And fortunately, the healing potions Nyx had poured onto the Hydra's dying body were doing exactly what they were intended to do.
Not healing.
Delaying.
The potions temporarily slowed the rate at which the Hydra's corpse released concentrated miasma into the environment after the core extraction. Without the spiritual core regulating its body anymore, the massive creature should have rapidly collapsed into a toxic corruption source capable of turning the entire swamp into an even greater death zone.
But the potions bought them time.
Only a few minutes by normal standards.
Yet for Nyx and the Celestial Cloth, that was enough.

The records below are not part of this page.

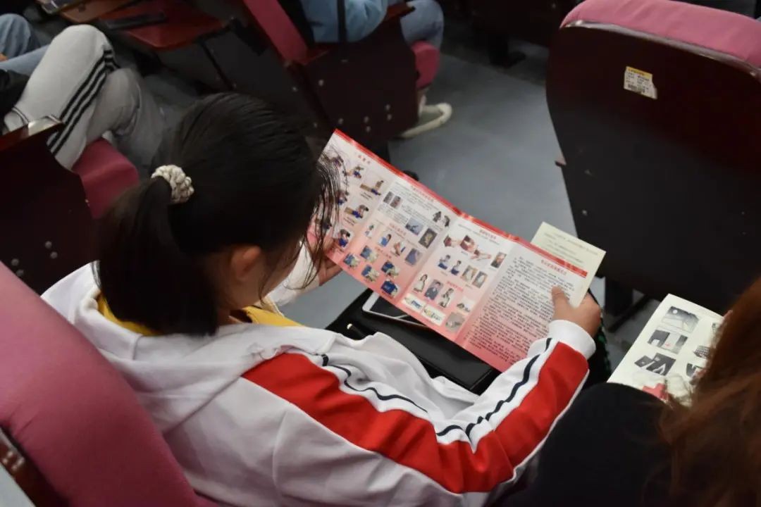 (图为参加讲座的同学正在认真阅读发放的急救知识手册)
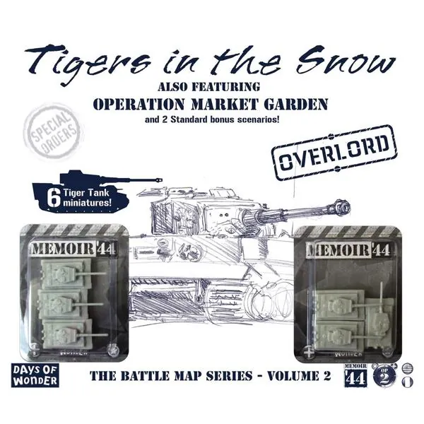 Le deuxième volume dans la série des Battle Maps Mémoire 44 contient 2 scénarios Overlord, six figurines de chars Tigre et 2 scénarios bonus.
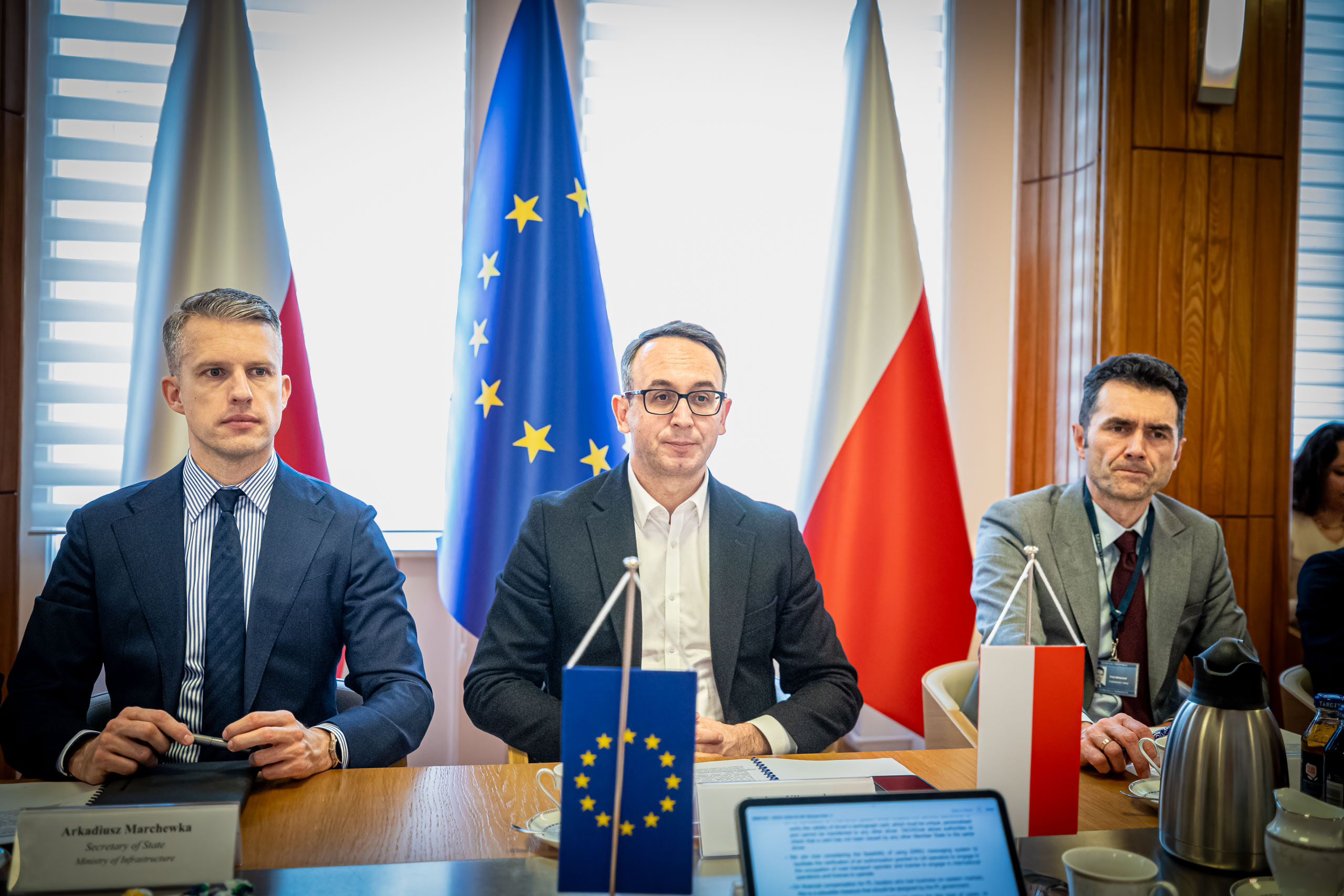 Plany, priorytety i wyzwania polskiej oraz unijnej polityki transportowej to najważniejsze tematy spotkania kierownictwa Ministerstwa Infrastruktury z Dyrektor Generalną w Dyrekcji Generalnej ds. Mobilności i Transportu Komisji Europejskiej – Magdą Kopczyńską. Głównym przedmiotem rozmów były propozycje zmian Komisji Europejskiej do umowy między Unią Europejską a Ukrainą w sprawie transportu drogowego towarów, o wprowadzenie których zabiegała strona polska. W rozmowach z dyrektor DG MOVE wziął udział minister infrastruktury Dariusz Klimczak oraz wiceministrowie: Arkadiusz Marchewka i Piotr Malepszak.
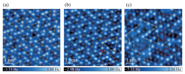 图3 随着温度升高,冰表面预融化过程的原子级分辨成像 在120 K(a)、123 K(b)、125 K(c)条件下生长的冰表面的原子力显微镜实验图,随着温度升高,冰表面逐渐变得无序。无序区域由白色虚线标记,Ih堆叠和Ic堆叠分别用黄色和橙色线条标记,平面化团簇结构则由红色虚线椭圆标记
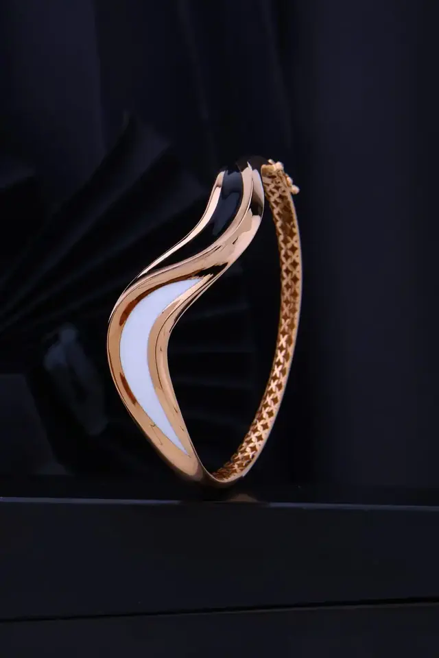 Bracelet jonc design vague en émail plaqué or de luxe pour femme bijoux de mode noir et blanc
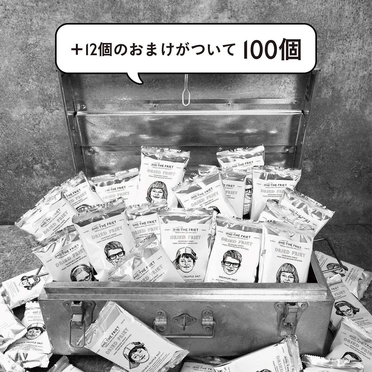 20 pieces each of Premium Salt, Cheddar Cheese, Double Truffle Salt, Honey Salt and Butter, and Anchovy and Garlic. 25g each. |
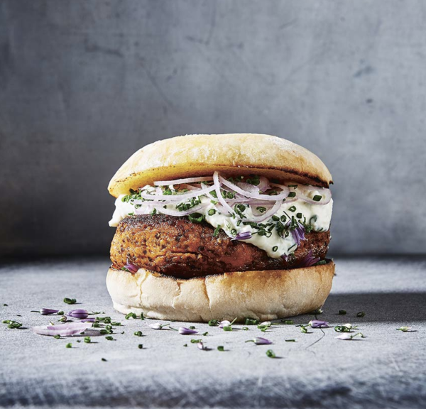 - Put a patty at the bottom of each bun, splash on some horseradish sour cream and top with shallots and chives.

Inside Nille's spiritual enclave, the Hydra's sentient consciousness was slowly being stabilized and absorbed into the system framework.
What Nille was doing was not unnatural to the Celestial Cloth.
It was part of its original purpose.
Absorption.
Integration.
Analysis.
The cloth was designed to process massive amounts of knowledge, memory, instinct, biological patterns, combat behavior, and spiritual structure from sentient beings. It did not merely store power, it studied existence itself through the minds and souls connected to it.
Nyx explained it calmly while streams of data-like spiritual patterns rotated around the growing spiritual tree inside the enclave.
"The Hydra's core contains more than energy," she said.
"It contains accumulated memory, environmental adaptation patterns, regenerative logic, territorial instincts, biological restructuring behavior, and centuries of survival experience."
Nille listened quietly.
The ten-foot spiritual tree standing at the center of his enclave pulsed steadily as another halo-like ring slowly formed around the floating energy orb above it.
Not violently.
Carefully.
His imagination and spiritual will continued shaping the process subconsciously.
The Hydra's presence did not disappear.
It was being preserved.
Integrated.
Given structure instead of erased.
Outside the hut, meanwhile, the corrupted dark elven survivors remained focused on the dead Hydra's body.
They cut flesh from the massive carcass carefully, carrying pieces back toward their deteriorating settlement with exhausted movements. Even the sick children helped despite their weakened condition.
No one celebrated.
No one fought over the food.
Because hunger had already stripped away unnecessary pride long ago.
Nille watched silently through a small opening in the wooden wall.
And unexpectedly, a memory surfaced in his mind.
Back in the Philippines.
He remembered seeing poor families gather discarded leftover food from restaurants. Some collected food thrown into waste containers behind establishments. Others carefully separated edible portions, cleaned them, reheated them, and brought them home just to feed their children another day.
At the time, many people judged them.
But Nille never fully did.
Because survival changed perspective.
A weak stomach, whether physical or mental, could get a person killed.
Especially when life became cruel enough.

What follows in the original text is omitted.